Good morning everybody, and welcome to ANI’s earnings conference call for the second quarter of 2014. My name is Art Przybyl, I'm the President and CEO and with me today is our Chief Financial Officer, Charlotte Arnold. Before we begin, I would like to refer everyone to the forward-looking statements language in this mornings' press release.

And ask each of you to review it carefully as important context for this conference call. Discussions will also include certain financial measures that were not prepared in accordance with generally accepted accounting principle.

Reconciliation of those non-GAAP financial measures to the most directly comparable financial measures can be found in our earnings release dated today. For the first time, since ANI has been a public company, we are providing revenue, non-GAAP adjusted earnings per share and non-GAAP adjusted EBITDA guidance.

For the second half of 2014, we are guiding our net revenues in the range of $28 million to $30 million, our adjusted non-GAAP earnings per share in the range of $0.90 to $1 and our adjusted non-GAAP EBITDA in the range of $14 million to $15 million.

We feel our revenue, cost of sales and operating expense estimates are now predictable enough to allow us to provide guidance. As such this guidance includes our recent accretive transactions for Lithobid and Vancocin, but does not include the impact from any additional product launches which may occur in the second half of 2014.

Recently, we expanded our mature brand product offerings from 2 to 4 products with the acquisitions of Lithobid and Vancocin. We have already launched the Lithobid product with the ANI label. And following a short transition period during which ANI will receive sales proceeds, we will launch our own ANI-labeled Vancocin product.

As part of the Vancocin purchase, we also acquired ANDAs for both the injectable and solution Vancomycin product versions and we will explore the potential for launching these drugs at a future date to be determined.

Combined, the Lithobid and Vancocin acquisitions are expected to generate $9.4 million in annual revenues and $8 million in annual non-GAAP EBITDA.

We invested a total of $23 million in these two mature brands and we consider mature brands an important part of our business strategy, providing high margin cash flow and diversification of our revenue and earnings. We will continue to selectively pursue these opportunities.

Our four mature brands are expected to contribute over $12 million in annual revenues. Our generic product pipeline now consists of 49 products and continues to advance.

During the quarter, we filed an ANDA for our first anti-cancer product and requested an FDA expedited review since the product currently has no generic competition and no blocking patents. In addition, we have established an exclusive licensing and supply agreement for the active raw material for the filed product.

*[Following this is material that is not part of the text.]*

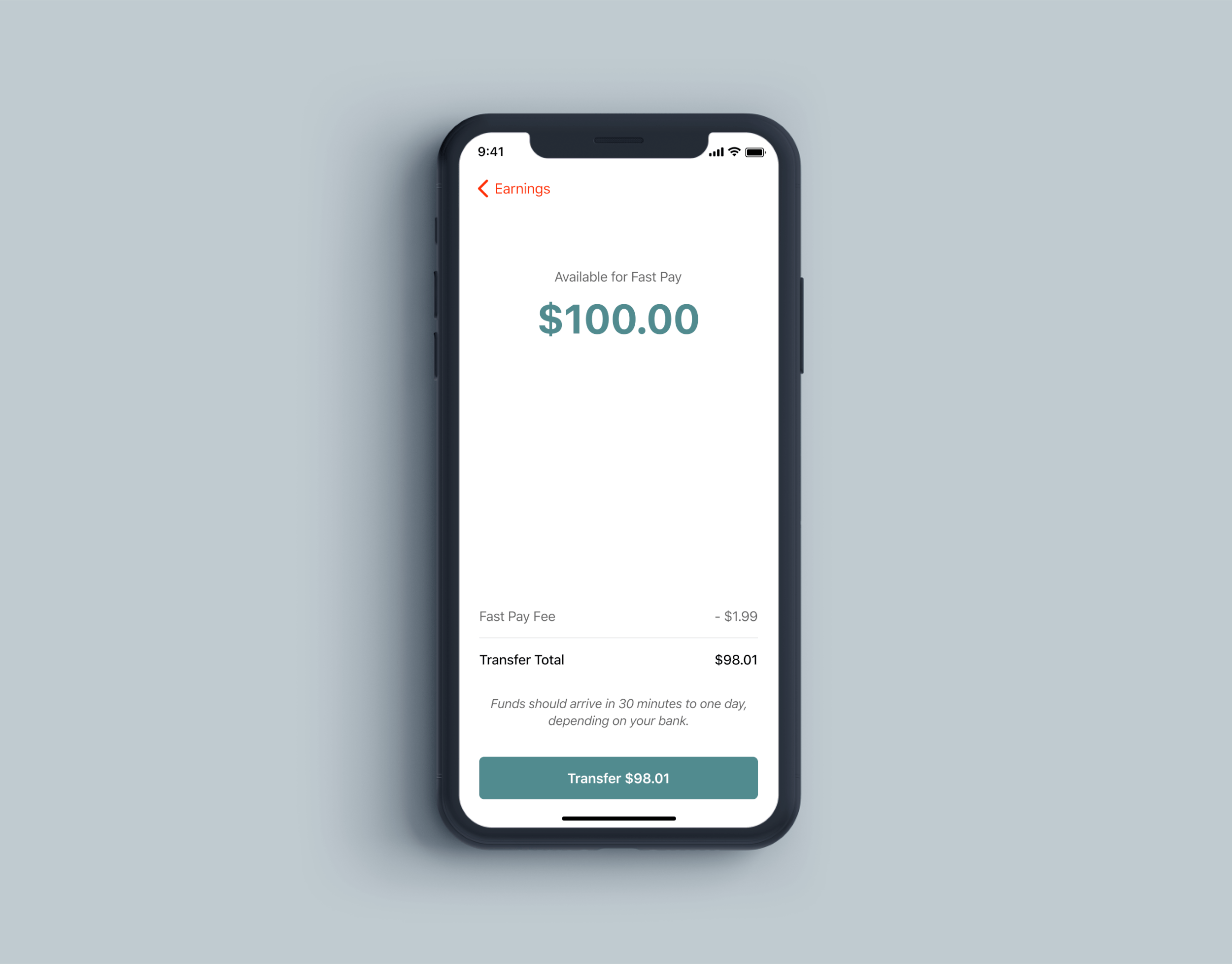 Because transfers could now be made on-demand, we considered moving away from the “weekly earnings” paradigm entirely. Similar to Venmo, we could instead emphasize the current balance available to transfer. Transferring funds would create a new transfer line item, where earnings and fee details would be displayed.

We expanded our generic drug agreement with Sofgen and entered into a new agreement for generic drug with Dexcel. In both cases, ANI will be the marketing partner for the products involved. We expect to launch our first Sofgen and the Dexcel product within the next 12 months.

Our recently acquired Teva ANDA products are advancing through our internal tech transfer efforts. And we are anticipating the launch of the first two Teva products in the late fourth quarter of this year and a third product in the first quarter of next year.

One of the products expected to be launched this year is currently in short supply and has recently seen a price increase applied to the current marketed product.

In the second quarter as expected our revenues, net income and adjusted non-GAAP EBITDA were affected on a dollar-for-dollar basis because of the $3.9 million charge due to income contractual obligations associated with our EEMT price increase that was implemented in mid April.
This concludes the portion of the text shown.